Retype all of the data word for word, without pictures.

=== SOURCE MATERIAL ===

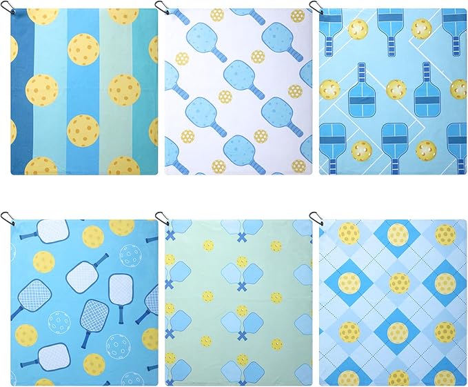 6 Pcs Dinkball Towels for Women Men Tennis Towel in Fashionable Prints 17 x 15 Inches Towel with Clip Dinkball Lover Gift Accessories
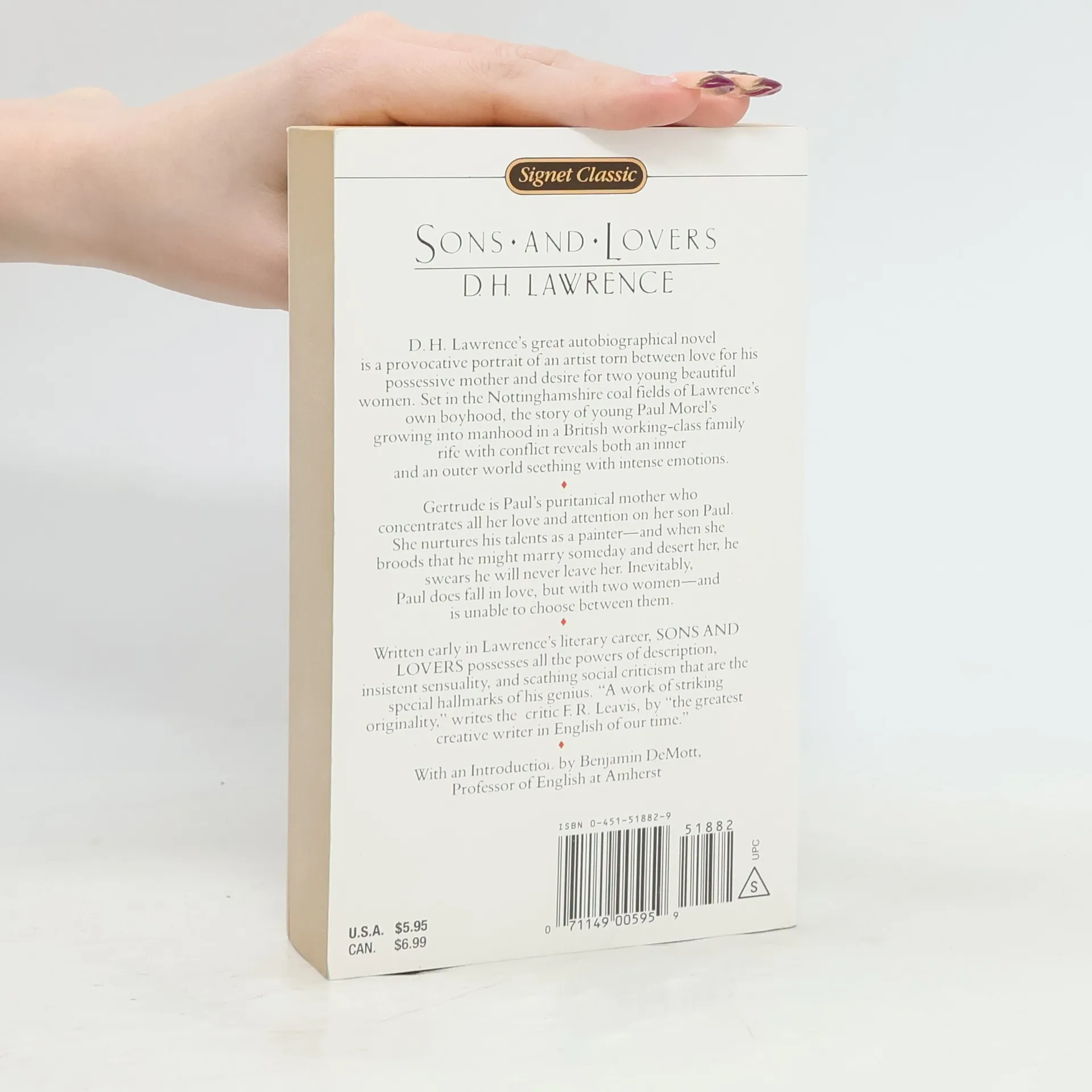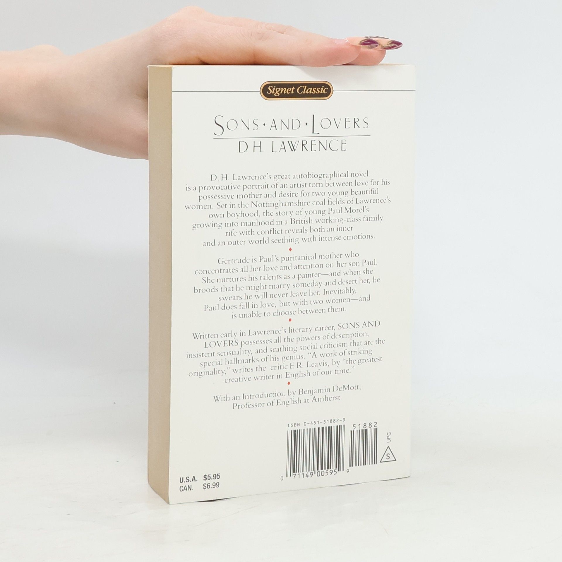 D.H. Lawrence's great autobiographical novel is a provocative portrait of an artist torn between love for his possessive mother and desire for two young beautiful women. Set in the Nottinghamshire coal fields of Lawrence's own boyhood, the story of young Paul Morel's growing into manhood in a British working-class family rife with conflict reveals both an inner and an outer world seething with intense emotions. Gertrude is Paul's puritanical mother who concentrates all her love and attention on her son Paul. She nurtures his talents as a painter - and when she broods that he might marry someday and desert her, he swears he will never leave her. Inevitably, Paul does fall in love, but with two women - and is unable to choose between them. Written early in Lawrence's literary career, Sons and Lovers possesses all the powers of description, insistent sensuality, and scathing social criticism that are the special hallmarks of his genius. "A work of striking originality," writes the critic F.R. Leavis, by "the greatest creative writer in English of our time." Book jacket.
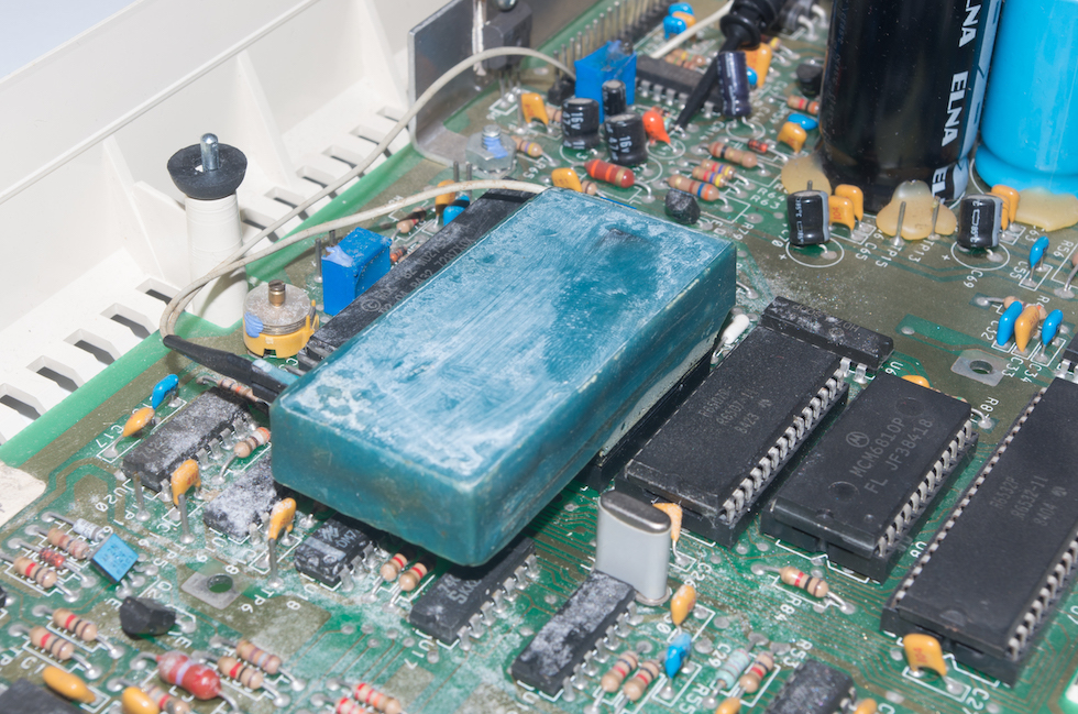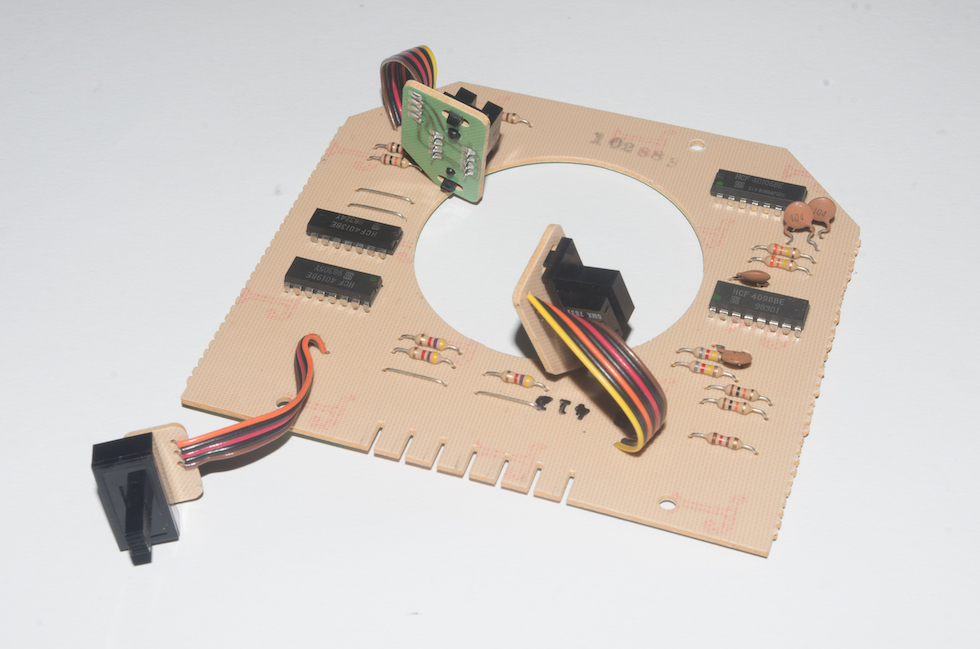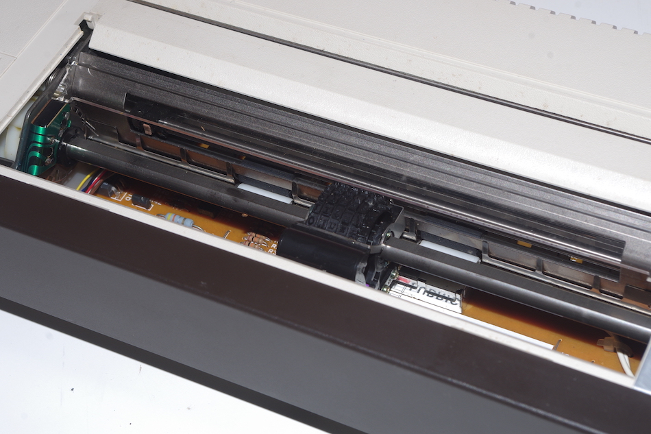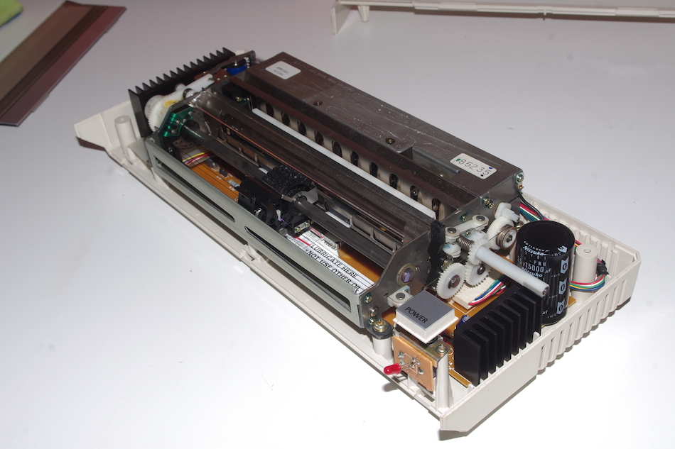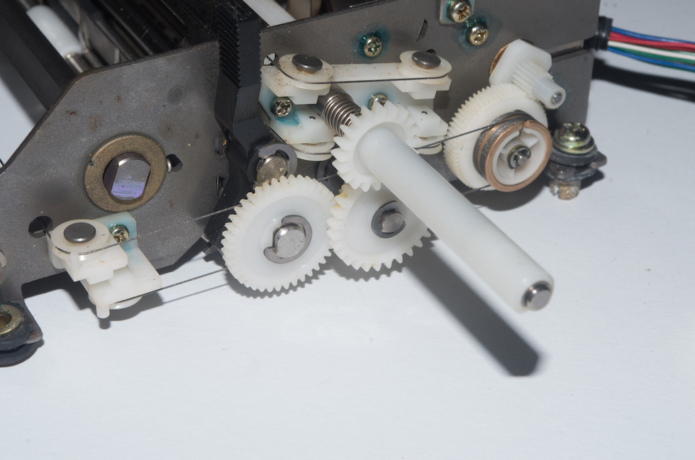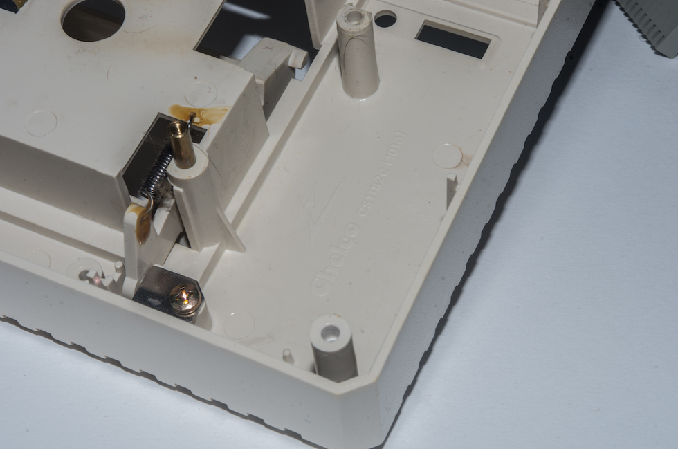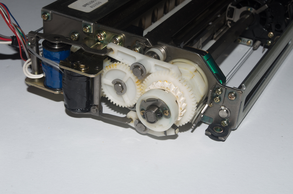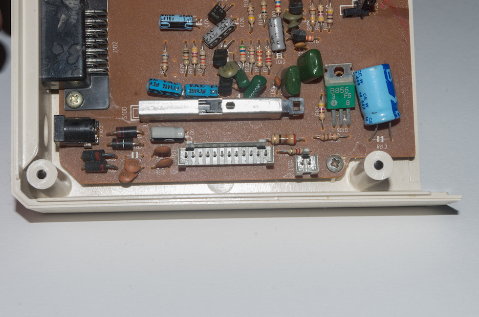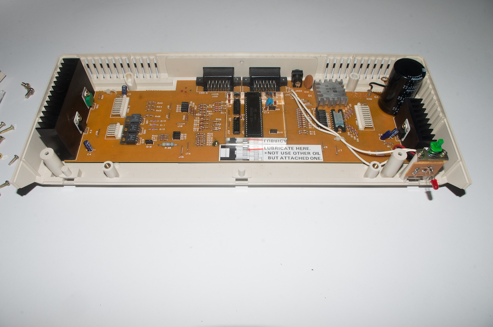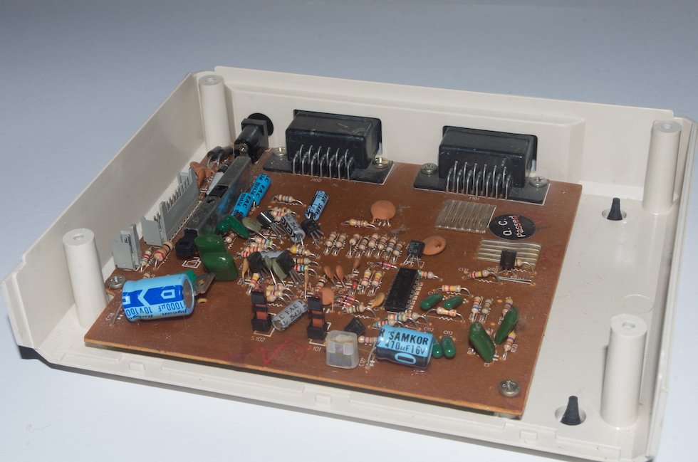 Im Inneren befinden sich zwei Gummiriemen, die mit der Zeit ausgetauscht werden müssen – über den größeren Riemen wird das Laufwerk selbst über den 9V-Motor angetrieben, der kleinere verbindet einen der Wickeldorne mit dem Zählwerk. Welche Riemen im Falle eines Falles benötigt werden, hängt vom jeweiligen Laufwerkshersteller ab. Für Chelco-Laufwerke passen die Riementypen FC100228 (Motor) und FC100229 (Zählwerk), für Sanyo-Laufwerke die Typen FC100250 (Motor) und FC100251 (Zählwerk). Um festzustellen, welche Version man besitzt, lohnt ein Blick aufs Typenschild. Ist dort ein dunkles Etikett mit der FCC-ID

===

§ REPLY:
 6 Pcs Dinkball Towels for Women Men Tennis Towel in Fashionable Prints 17 x 15 Inches Towel with Clip Dinkball Lover Gift Accessories
 D.H. Lawrence's great autobiographical novel is a provocative portrait of an artist torn between love for his possessive mother and desire for two young beautiful women. Set in the Nottinghamshire coal fields of Lawrence's own boyhood, the story of young Paul Morel's growing into manhood in a British working-class family rife with conflict reveals both an inner and an outer world seething with intense emotions. Gertrude is Paul's puritanical mother who concentrates all her love and attention on her son Paul. She nurtures his talents as a painter - and when she broods that he might marry someday and desert her, he swears he will never leave her. Inevitably, Paul does fall in love, but with two women - and is unable to choose between them. Written early in Lawrence's literary career, Sons and Lovers possesses all the powers of description, insistent sensuality, and scathing social criticism that are the special hallmarks of his genius. "A work of striking originality," writes the critic F.R. Leavis, by "the greatest creative writer in English of our time." Book jacket.
 Im Inneren befinden sich zwei Gummiriemen, die mit der Zeit ausgetauscht werden müssen – über den größeren Riemen wird das Laufwerk selbst über den 9V-Motor angetrieben, der kleinere verbindet einen der Wickeldorne mit dem Zählwerk. Welche Riemen im Falle eines Falles benötigt werden, hängt vom jeweiligen Laufwerkshersteller ab. Für Chelco-Laufwerke passen die Riementypen FC100228 (Motor) und FC100229 (Zählwerk), für Sanyo-Laufwerke die Typen FC100250 (Motor) und FC100251 (Zählwerk). Um festzustellen, welche Version man besitzt, lohnt ein Blick aufs Typenschild. Ist dort ein dunkles Etikett mit der FCC-ID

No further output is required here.